Update: 30.09.2015

European Court for Human Rights: An overview

The European Convention on Human Rights (ECHR) provides for a collective redress that allows individuals to launch an administrative appeal before the European Court for Human Rights in Strasbourg in cases of a violation of the ECHR and/or its additional protocols by a member state of the Convention.

Website of the European Court for Human Rights

Until the end of October 1998, appeals concerning a violation of the ECHR were mainly examined by the European Commission of Human Rights, which then reported to the Committee of Ministers. It was the countries conscious decision to also accept the authority of jurisdiction of the European Court for Human Rights. Since the entry into force of Protocol No.11 to the Convention for the Protection of Human Rights and Fundamental Freedoms on the restructuring of the control mechanism established by the Convention, the European Court for Human Rights is the one and only court to decide on Human Rights issues. The Committee of Ministers of the Council of Europe is still responsible for the implementation of its verdicts.


The European Court for Human Rights is composed of full-time judges and divided into four sections. Dependent on the significance of the case, the Grand Chamber (consisting of 17 judges), the Chamber (consisting of 7 judges) or the Commission (consisting of 3 judges) will decide. The Additional Protocol No. 14 also instituted single judge formations which can definitely disallow individual complaints that are self-evidently invalid, and shall in this way help to take the pressure off the Court. At present, the European Court for Human Rights consists of 47 judges, equivalent to the number of signatory parties. They are elected by the Parliamentary Assembly of the Council of Europe from a list of three candidates presented by the respective country. But, the elected judges are independent and do not represent a country. In October 2011, Helen Keller took over the place of Giorgio Malinverni who retired for age reasons. The Principality of Liechtenstein is also represented by a Swiss, Mark Villiger. The Additional Protocol No. 14 extended the period of office from six to nine years, as a compensatory measure, a re-election is not possible.
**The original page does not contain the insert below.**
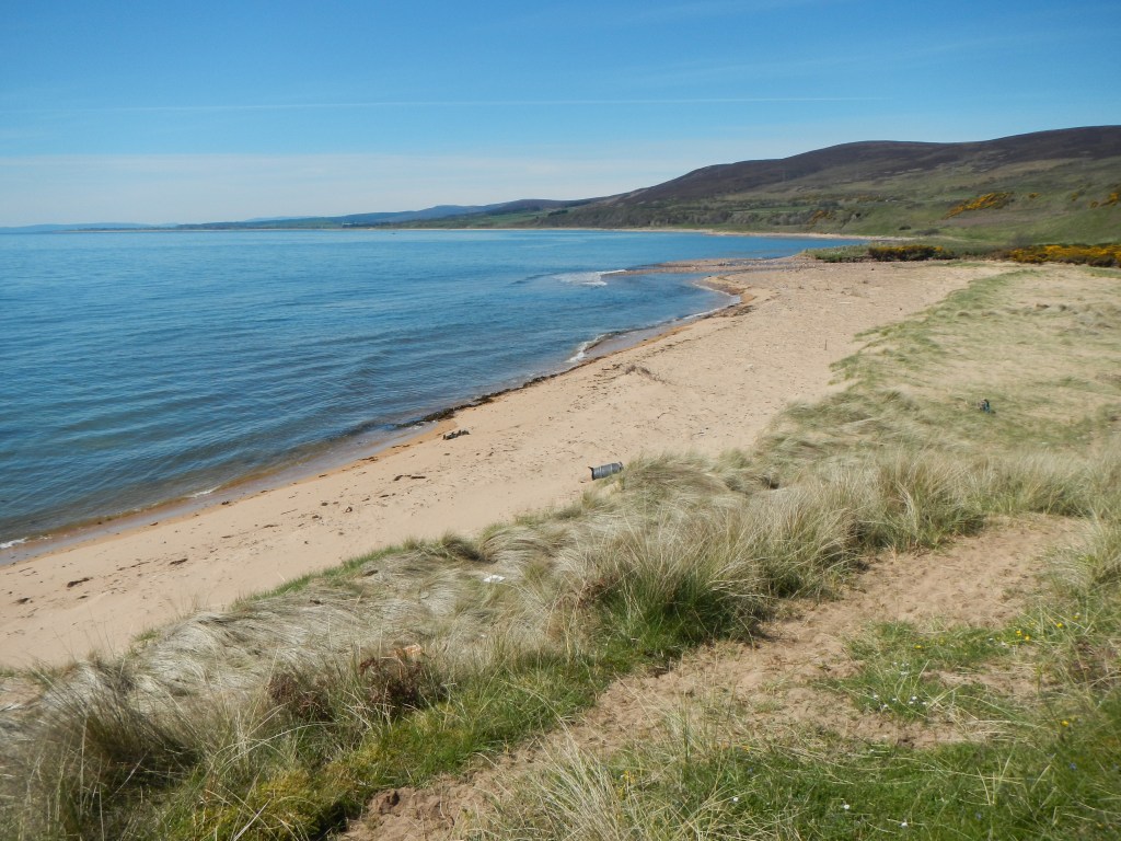 I wasn’t keen on the A9 and hoped that the path by the foreshore would continue so I could follow it. The coastal scenery was awesome – golden sand, clean looking pebbles, dune cliffs and all below a cloud free blue sky. I walked on a mixture of foreshore and bordering fields. In places there were rabbit burrows and so many rabbits that I was concerned about stepping on one. I saw lots of oyster catchers and Arctic terns. Sadly there soon wasn’t a path and I was scrambling over rocks as well as crossing barbed wire fences. This was difficult with my heavy backpack. I even had a couple of spells when I trespassed on to the railway line chippings where I maintained a high level of alertness listening out for trains.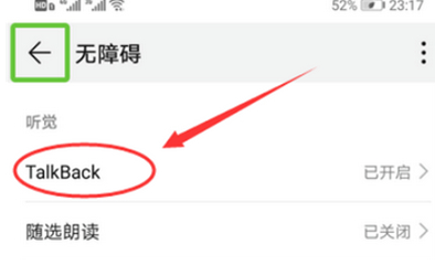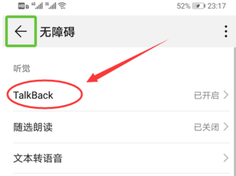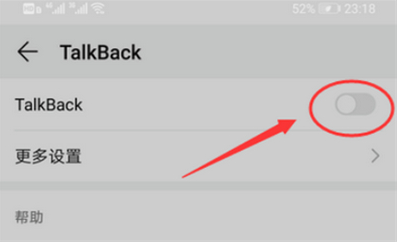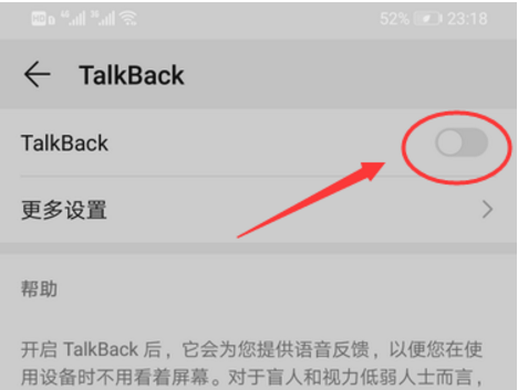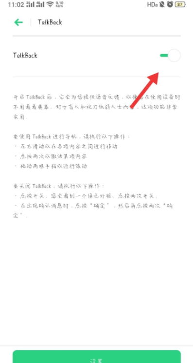 将“TalkBack”右侧的绿色按钮向左滑动以关闭就可以了。

Inter-State cases before the European Court for Human Rights

According to article 33, the ECHR system also gives states the opportunity to bring to court another state. Compared to the individual complaints, it is unnecessary for the accusing state to make valid its own rights or those of its own national. Inter-State cases are only lodged very seldom, their political significance therefore is all the bigger.

Method of operation

The Court can determine its way of operation by itself, giving itself the «Rules of the Court». The European Court for Human Rights only provides the framework by defining the respective competencies of the different organisations (see above under «Composition»). Traditionally, the admissibility and the topical merit of a complaint are being decided on separately. Whereas a decision on both points used to be exception, since the ratification of the 14th Additional Protocol it is the rule, at least in mainstream legislation. Today, a panel of 3 judges can decide conclusively should their decision be unanimous. Should there be a disagreement, the case is passed on to the Small Chamber whose decision can then be appealed before the Great Chamber within a 3 months’ period of time. The Small Chamber can forward the case to the Great Chamber directly for decision, if the topic is of particular difficulty or a chance in jurisdiction is near. But the parties to the dispute can avoid this by first requesting a decision by the Small Chamber in order to being able to launch an appeal.

Implementation of verdicts by the Committee of Ministers

The ECtHR verdicts are legally binding, which means that they have to be respected and implemented by the states. But the European Court for Human Rights does not have a «European police force» at its disposal. The Committee of Ministers of the Council of Europe – a political instance – is responsible for the supervision of the implementation of the verdicts. During its quarterly meetings it discusses on the progress. The countries concerned have to give account on the implementation of the verdicts in so-called «action reports». If the Committee of Ministers is content with the progress, it issues a conclusive and final resolution. Should it not be pleased by the governments’ status, the Committee requests the state to live up to its requirements. In the 14th Additional Protocol, this relatively weak lever was enhanced in case of culpable negligence. But most states respect the verdicts – which are only very rarely openly criticised, mostly for internal reasons. Structural problems, too, can complicate the implementation of a verdict.

The work of the European Court for Human Rights has essentially contributed to the basic European democratic values, in which human rights and fundamental freedoms enjoy an important significance. It also resulted in a unification of legal standards for citizens. Many basic verdicts rendered against states have led to changes in legislation and in the handling of human rights by the member states.

ECHR overload

The European Court of Human Rights (ECHR) is criticised regularly for the great number of pending complaints. This enormity of open issues is due to an increase in complaints over the past years and the relatively limited amount of personal resources. Protocol No. 14 to the Convention for the Protection of Human Rights and Fundamental Freedoms, amending the control system of the Convention, became effective in 2010 and provides an efficient tool to reject inadmissible complaints. Because the entry into force of Protocol No. 14 was blocked by Russia for several years, the ECHR adjusted its own jurisdiction and developed new proceedings, for example the Pilot Judgement Procedure.